We’ve talked about British astronomer Martin Rees before (here and here, for example). Here he is at Aeon:
Charles Darwin’s ideas, for example, have been culturally and philosophically resonant ever since they were first unveiled in 1859. Indeed, they’ve never provoked more vibrant debates than they do today. Darwin was perhaps the last scientist who could present his research in a way accessible to general readers; today, it’s hard to present original findings without a forbidding array of equations, or a specialised vocabulary. ‘On the Origin of Species’, which he described as ‘one long argument’ underpinning his theory, ranks highly as a work of literature. It changed our perception of human beings by revealing that we were an outcome of a grand evolutionary process that can be traced back to the beginning of life on Earth …
Today, it’s a real intellectual deprivation to be blind to the marvellous vision offered by Darwinism and by modern cosmology – the chain of emergent complexity leading from a ‘big bang’ to stars, planets, biospheres, and human brains able to ponder the wonder and the mystery of it all. Concepts such as these should be part of the public conversation. So too should some conception of the natural environment and the principles that govern the biosphere and climate. Science is the one culture that all humans can share: protons, proteins and Pythagoras’ theorem are the same the world over.
Martin Rees, “The good scientist” at Aeon
This is astonishing to read because Darwinism entrenched racism as a scientific concept (as opposed the chest-thumping by drunken oafs); it did pretty much the opposite of making us all one culture. And so much modern cosmology is hard to distinguish from a flight from reality.
It sounds like he really believes it.
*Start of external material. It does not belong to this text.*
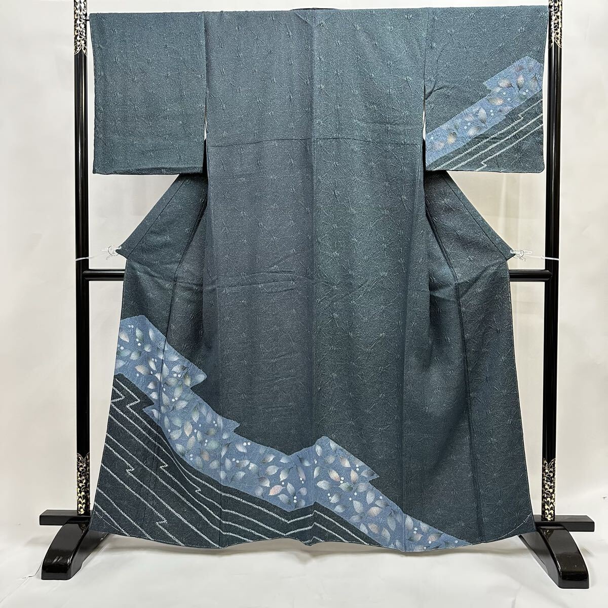 - 【七福】c690 訪問着 正絹 袷仕立て 膨れ織り 絞り オーロラ糸 ラメ 着物 逸品 身丈 約158.5cm 裄 約65.5cm

Well that might be the world as Martin Rees needs to see it.
According to the article, Rees believes, “it’s a real intellectual deprivation to be blind to the marvellous vision offered by Darwinism.” That vision was the origin of eugenics and blatantly racist. Darwin’s second book, Descent of Man, makes it clear that he believed that humans did not evolve at the same time. He was part of the privileged race of man and believed the savage races, such as Africans and Australian aborigines, should be destroyed entirely by the privileged. His work led to National Socialism and the idea that race has some bearing on anything. Anyone who defends Darwin is defending his blatantly racist ideology.
Rees waxes lyrical as he enthuses over how inspiring Darwinism is. “Today, it’s a real intellectual deprivation to be blind to the marvellous vision offered by Darwinism and by modern cosmology”. What rot.
Here’s another well known populariser of science, William Provine, on Darwinism. He gets a little more detailed on some of its real and inevitable implications. Still find the “wonder and mystery of it all” beautiful and inspiring?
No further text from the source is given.